We investigate the dimensionality properties of the Internet delay space, i.e., the matrix of measured round-trip latencies between Internet hosts. Previous work on network coordinates has indicated that this matrix can be embedded,
with reasonably low distortion, into a 4- to 9-dimensional Euclidean space. The application of Principal Component Analysis (PCA) reveals the same dimensionality values. Our work addresses the question: to what extent is the dimensionality an intrinsic property of the delay space, defined without reference to a host metric such as Euclidean space? Is the intrinsic dimensionality of the Internet delay space
approximately equal to the dimension determined using embedding techniques or PCA? If not, what explains the discrepancy? What properties of the network contribute to
its overall dimensionality? Using datasets obtained via the King [14] method, we study different measures of dimensionality to establish the following conclusions. First, based on its power-law behavior, the structure of the delay space can be better characterized by fractal measures. Second, the intrinsic dimension is significantly smaller than the value
predicted by the previous studies; in fact by our measures it is less than 2. Third, we demonstrate a particular way in which the AS topology is reflected in the delay space; subnetworks composed of hosts which share an upstream Tier-1 autonomous system in common possess lower dimensionality than the combined delay space. Finally, we observe that
fractal measures, due to their sensitivity to non-linear structures, display higher precision for measuring the influence of subtle features of the delay space geometry.

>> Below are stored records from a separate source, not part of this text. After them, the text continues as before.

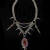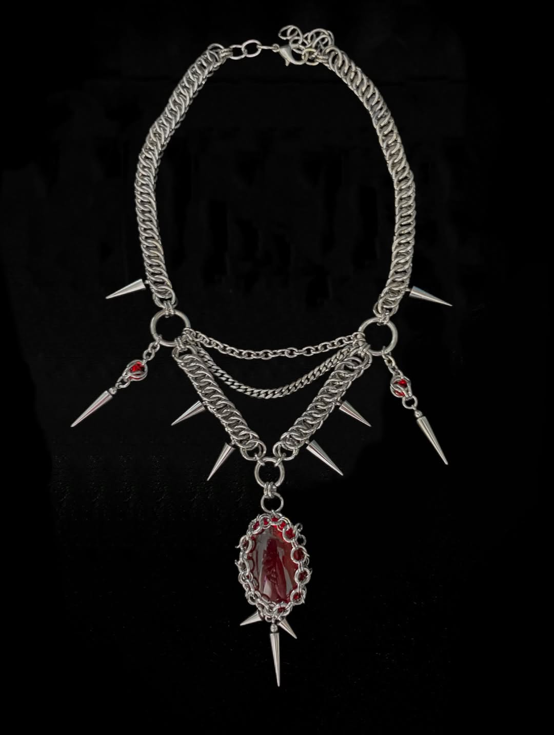 Crafted entirely by hand, the piece features layered stainless steel chainmail, sharp metal spikes, and a striking blood red stone pendant suspended at the center.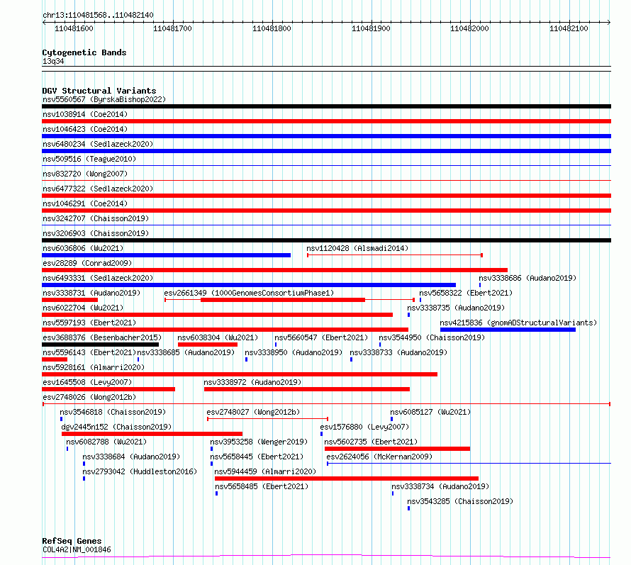 Variant DetailsVariant: esv2748026| Internal ID | 10328996 | | Landmark | | | Location Information | | | Cytoband | 13q34 | | Allele length | | Assembly | Allele length | | hg38 | 573 | | hg19 | 573 |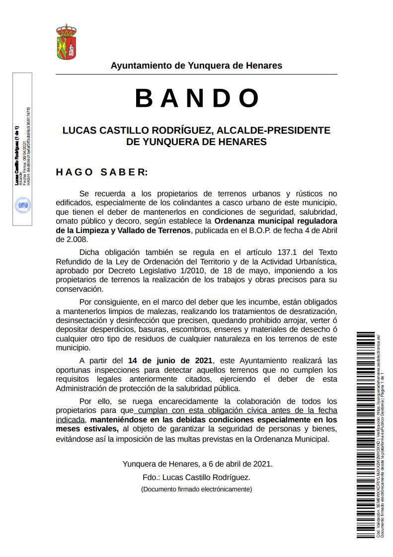 Home » Noticias • Sin categoría » Bando sobre la obligación de mantener limpios los solares de Yunquera de Henares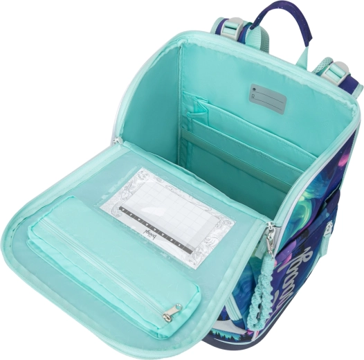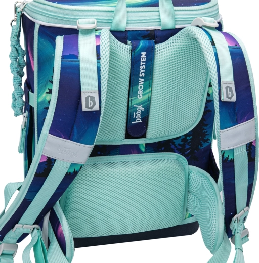 A BAAGL Zippy Plus Aurora GRS iskolatáska kényelmes és egészséges viselésre készült az általános iskola 1. osztályától. A csúsztatható hátrendszer háromféle beállítási lehetőséggel és a teljesen állítható pántokkal alkalmazkodik a gyermek növekedéséhez és a helyes testtartáshoz. A masszív alj és a könnyített konstrukció segítik a stabil forma megőrzését és a magabiztos mindennapi használatot.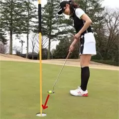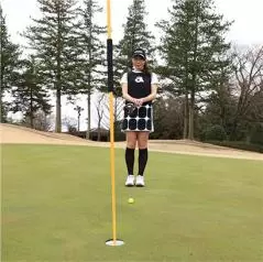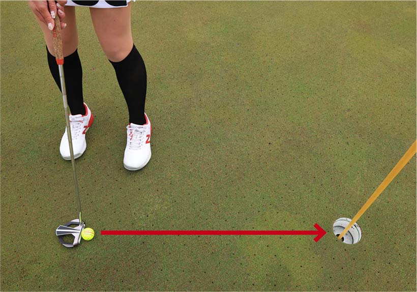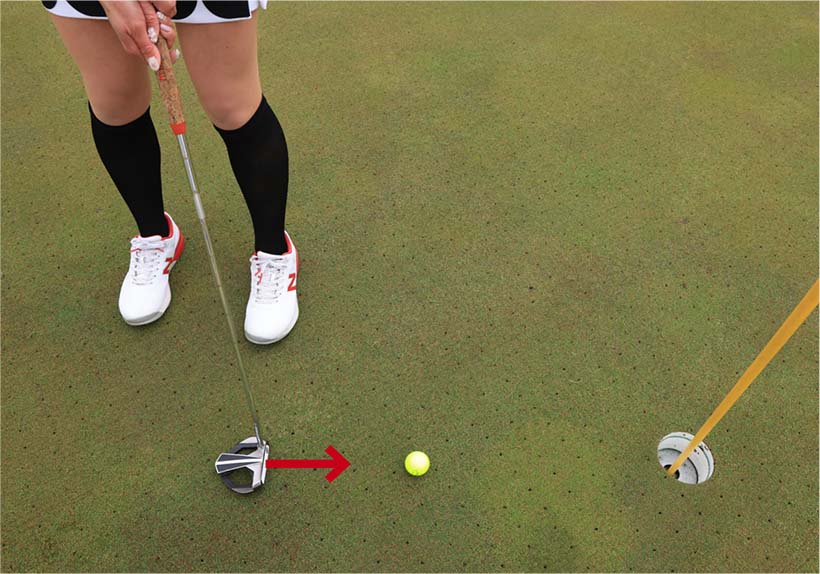 ショートパットはロングパットと違って、距離感よりも正確な方向性が要求されます。そのためにはフェース面をカップに真っすぐ向けることが絶対条件となります。カップの直径は10・8センチで、お酒の一升瓶の直径と一緒です。ところがアドレスやインパクト時のフェース向きが少しでもズレると、1メートルのパットでも入らないのです。多少曲がるラインもありますが、カップまでしっかり届かせるくらいのタッチで打ちますから、基本的にはカップをストレートに狙う気持ちで打つのがベストといえます。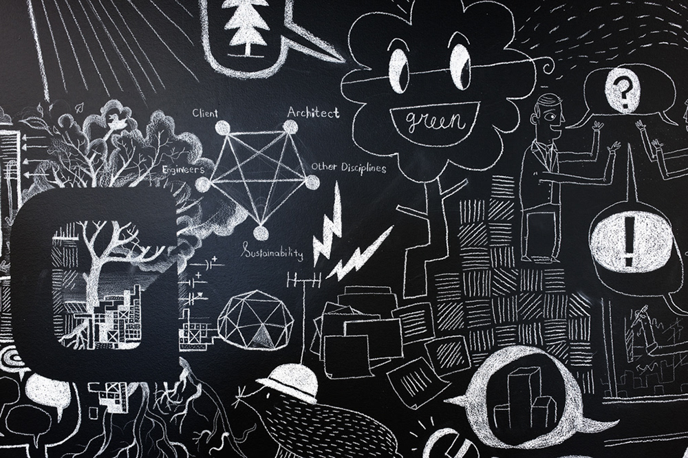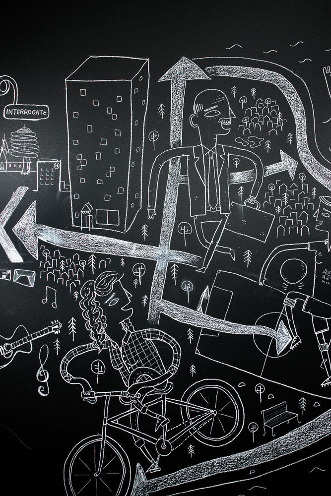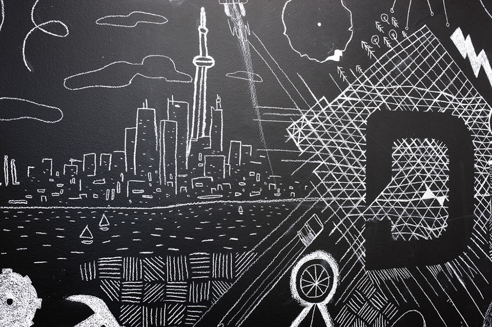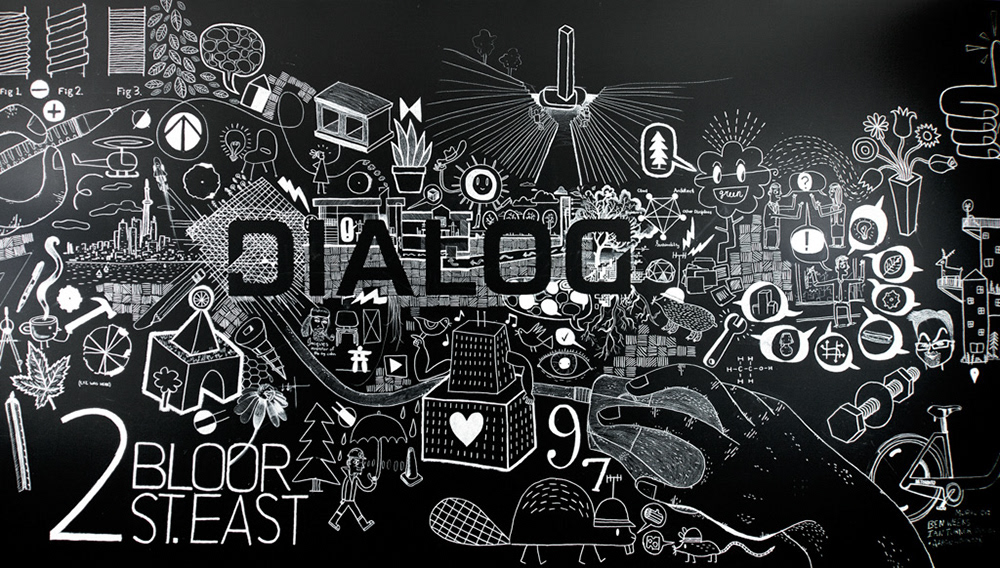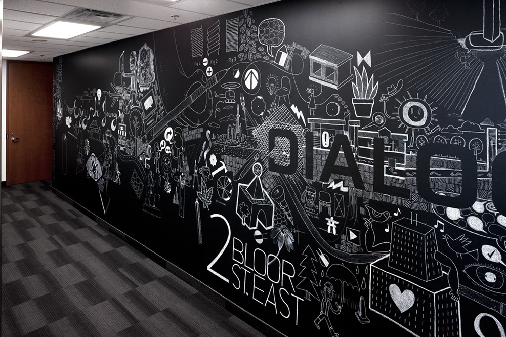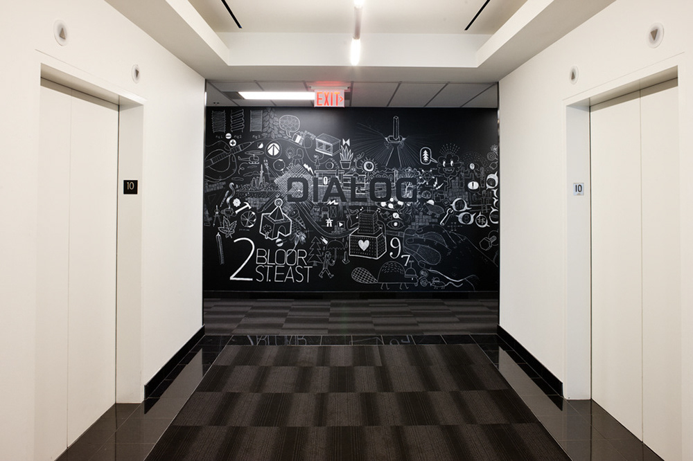 Dialog is an architecture firm in Toronto. Their design team had spent a year collecting various quotes, sketches and inspiring things from their staff but were having difficulty editing and combining them in a visually striking way. We studied that data together and discovered broader themes to extend the visual language of the mural even further. The company's vision, structure and expertise were expressed visually in an integrated way. Acknowledging that people are emotional beings by greeting them with intelligent, beautiful artwork that also expresses a love of innovation, detail and the environment are great signals to send.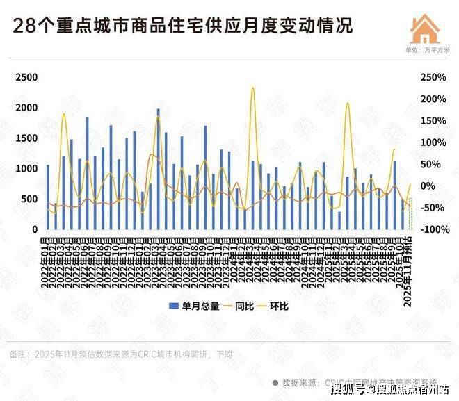 据CRIC调研,11月28城预计新增商品住宅供应面积518万平方米,环比微增5%。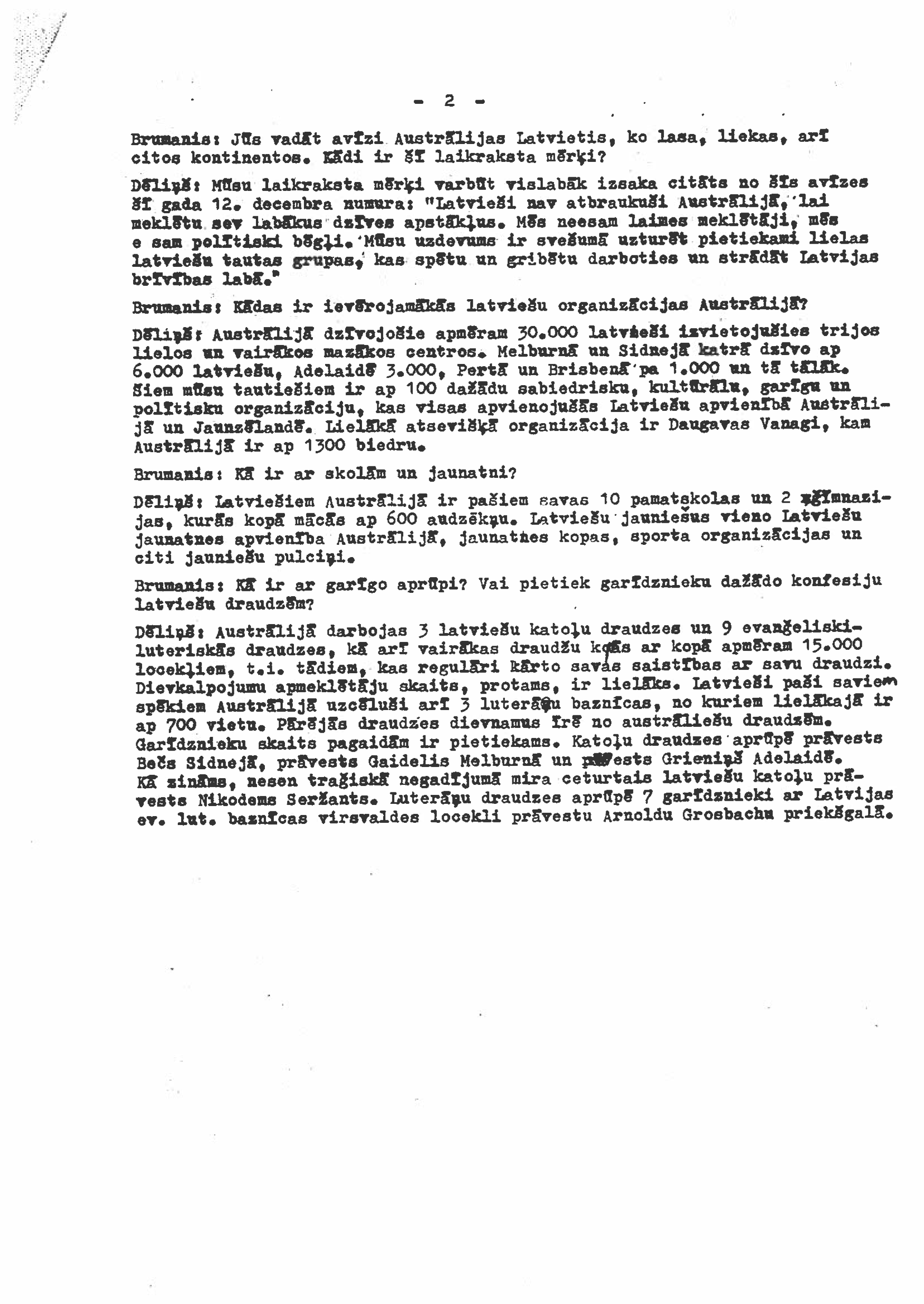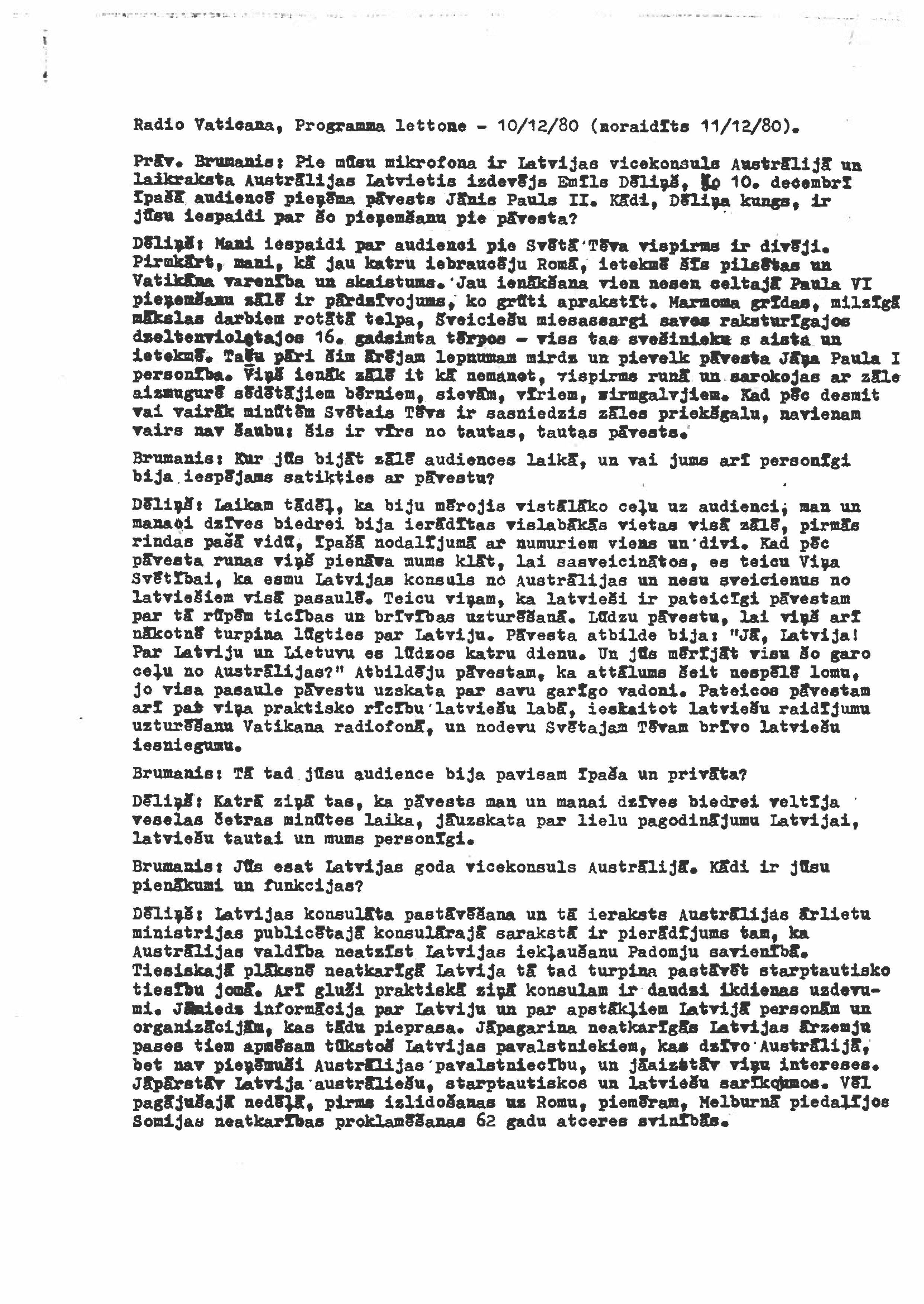 Goda vicekonsula Emīla Dēliņa intervijas Vatikāna radio noraksts. 1980. gada 10. decembris. Goda ģenerālkonsulāta Melburnā arhīvs

In this work, we view the Internet as a metric space, where the metric is defined as the round-trip time to send a packet between two hosts. One of the most important properties that characterizes a metric space is its dimensionality. Properly estimating the dimensionality of a metric space is crucial for characterizing its structure and designing algorithms based on that space: if one's estimate of the dimension is too low, it is impossible to find an embedding that preserves distances; if the estimate is too high then we make the algorithms inefficient as we run into the so-called curse of dimensionality: there are too many degrees of freedom to explore and the algorithms get lost. A major application of this abstraction is a coordinate-based positioning system. These systems aim at mapping the network into a metric space in such a way that the geometric distances estimates the real latency with low degree of error. For such systems, the dimensionality of the target space is a tunable parameter. In addition the dimensionality is known to affect the accuracy of the predictions, the stability of coordinates over time and the time to converge to stable coordinates. Our uses a latency matrix obtained via the King method, which is a convenient way Of measuring the latency between nameservers without having login access to them, to answer two fundamental questions: What is the dimensionality of the Internet delay space? And… What forces contribute to its geometric properties? Apart from its implications to the performance of coordinate systems, this characterization is by itself a topic of practical interest as it uncovers properties and opens new questions on the nature and complexity of the network.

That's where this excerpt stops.